··· MATERIAL PROVIDED ···
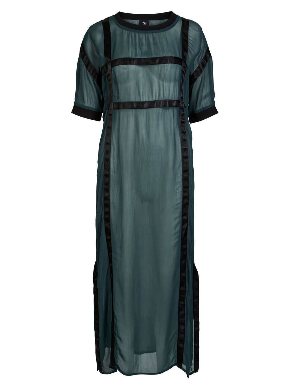 Dieses Kleid sticht mit seinem modernen und grafischen Ausdruck hervor. Es ist aus einem leichten transparenten Material gefertigt und verfügt über kurze Ärmel und einen runden Halsausschnitt. Die schwarzen Bänder entlang des Körpers und der Ärmel erzeugen einen strukturierten Kontrast und verleihen dem Kleid ein kantiges und raffiniertes Aussehen.
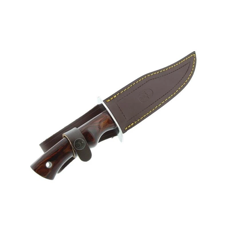 Le Cazorla (référence 9304) est un poignard conçu et fabriqué en Espagne par Muela. Il possède une lame fixe mesurant 16cm de longueur, elle est fabriquée en acier inoxydable X50CrMoV15 (teneur en carbone 0,5% / en chrome 15%). À bout pointu, la lame est personnalisable par gravure, elle est initialement marquée par le logo Muela avec juste à côté le nom du poignard en écriture majuscule (CAZORLA). Une lame tranchante et très résistante à l’usure ainsi qu’à la corrosion, elle est idéale pour la chasse, la pêche ou autres activités de plein air. Le poignard Muela Cazorla se dote aussi d’un manche en stamina (alliage de bois et de résine) très esthétique ainsi qu’ergonomique (bonne prise en main). Il faut souligner la présence d’une garde de sécurité en inox qui permet de protéger efficacement le poignard en cas de chute. Modèle vendu avec son étui de protection en cuir Muela (voir autres images du produit).
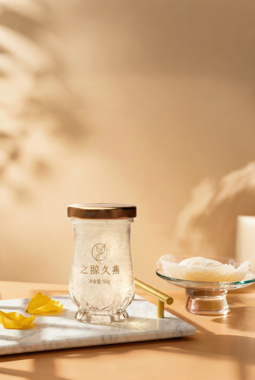 轻拟物风玻璃瓶装燕麦奶昔,液态质感细腻柔滑,实景感光影营造清新舒适氛围,质朴木质桌面点缀温馨日常。
···
_EXERCISE AIM_
Wherever a picture appears, omit it; copy the rest of the data exactly.

_EXERCISE ANSWER_
 Dieses Kleid sticht mit seinem modernen und grafischen Ausdruck hervor. Es ist aus einem leichten transparenten Material gefertigt und verfügt über kurze Ärmel und einen runden Halsausschnitt. Die schwarzen Bänder entlang des Körpers und der Ärmel erzeugen einen strukturierten Kontrast und verleihen dem Kleid ein kantiges und raffiniertes Aussehen.
 Le Cazorla (référence 9304) est un poignard conçu et fabriqué en Espagne par Muela. Il possède une lame fixe mesurant 16cm de longueur, elle est fabriquée en acier inoxydable X50CrMoV15 (teneur en carbone 0,5% / en chrome 15%). À bout pointu, la lame est personnalisable par gravure, elle est initialement marquée par le logo Muela avec juste à côté le nom du poignard en écriture majuscule (CAZORLA). Une lame tranchante et très résistante à l’usure ainsi qu’à la corrosion, elle est idéale pour la chasse, la pêche ou autres activités de plein air. Le poignard Muela Cazorla se dote aussi d’un manche en stamina (alliage de bois et de résine) très esthétique ainsi qu’ergonomique (bonne prise en main). Il faut souligner la présence d’une garde de sécurité en inox qui permet de protéger efficacement le poignard en cas de chute. Modèle vendu avec son étui de protection en cuir Muela (voir autres images du produit).
 轻拟物风玻璃瓶装燕麦奶昔,液态质感细腻柔滑,实景感光影营造清新舒适氛围,质朴木质桌面点缀温馨日常。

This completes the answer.